Дверь раскрылась, вошли двое мужчин. Первый был низкорослый, плотный, на кривых ногах, расставленных широко и с некоторым вывертом ступней. Чувствовалось, что стоит он на земле цепко, как припаянный. На круглом немолодом лице желтые глаза, нос с горбинкой и крупными подвижными ноздрями, пышные, пшеничного цвета усы. Второй — высокий, тощий, с сухим лицом, с выбритыми до синевы щеками. Он чем-то напоминал самого Скобеева.

— А, да у нас новичок! — громким, даже каким-то зычным голосом сказал усатый. — Ну, будем знакомы!

Лаврентий Лаврентьевич Лаврухин. Попросту и во всех случаях жизни — Лавруха.

— Алешка… Бастрыков Алексей… В деревне прозывали Горемыкиным. — Алешка пожал руку Лаврухе, повернулся ко второму.

Тот протянул свою костистую руку, длинную и прямую, как жердь.

— Василий Еремеич Котомкин. Для всех окружающих — от жены до начальника базы — Еремеич.

Лавруха и Еремеич откровенно разглядывали Алешку, дымили цигарками, ухмылялись: краснощекий, чубатый верзила располагал к себе.

Через две-три минуты Алешка уже знал, что Лавруха — моторист катера, а Еремеич — штурвальный, «заврулем», как он в шутку сказал о себе.

Скинув полушубок, Лавруха вытащил из ящичка верстака нанизанные на проволоку кольца, загремел ими. Еремеич потуже подтянул опояску, поглубже нахлобучил шапку. Заметив его сборы, Скобеев сказал:

— Особо посмотри, Еремеич, лед под первой баржей, чтоб она не осела и не перекосилась.

— А как же, посмотрю. Околоть надо побольше вокруг нее.

— Вот-вот, — одобрил Скобеев. — Немного погодя придем все, околем. Приналяжем артелью.

Еремеич ушел, и в теплушке каждый занялся своим делом: Лавруха протирал кольца, Алешка наводил порядок в углах, Скобеев, чуть присвистывая, склеивал легкие, гибкие рейки.

Еремеич вернулся раньше, чем намеревался.

— Ты знаешь, Тихон Иванович, со стороны реки такая трещина — ужас! На четверть лед раздвинуло! — заговорил он, едва открыв дверь. — И прямо на подставы первой баржи ползет. Как бы не перекосило!

— Ночью, видать, трахнуло. Морозец был, скажу тебе, ого какой! — зычно добавил Лавруха.

— Выходит, надо упредить. Пошли, подолбим. Одевайся, Алексей, если охота есть с пешней поиграть, — отодвигая табуретку, скомандовал Скобеев.

Все быстро оделись, вышли из теплушки на волю.

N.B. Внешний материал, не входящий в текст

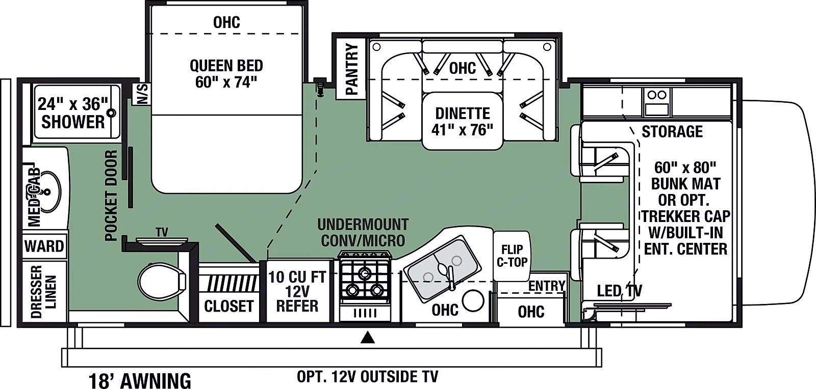 Undercounter trash compartmentQueen-Sized Overhead Bunk:

Небо чистое, высокое и синее-синее. Солнце было еще холодным, но светило ярко и с такой щедростью, что блестели даже баржи, почерневшие от осенней мокроты и ветров. На фоне глубокой синевы речной простор, закованный льдом, забитый сугробами, казался не просто белым, а ослепительным, пылавшим белизной до рези в глазах. Заснеженная равнина тянулась километров на десять до бурого леса, и только в одном месте ее как бы прошивала темная строчка — гужевая дорога.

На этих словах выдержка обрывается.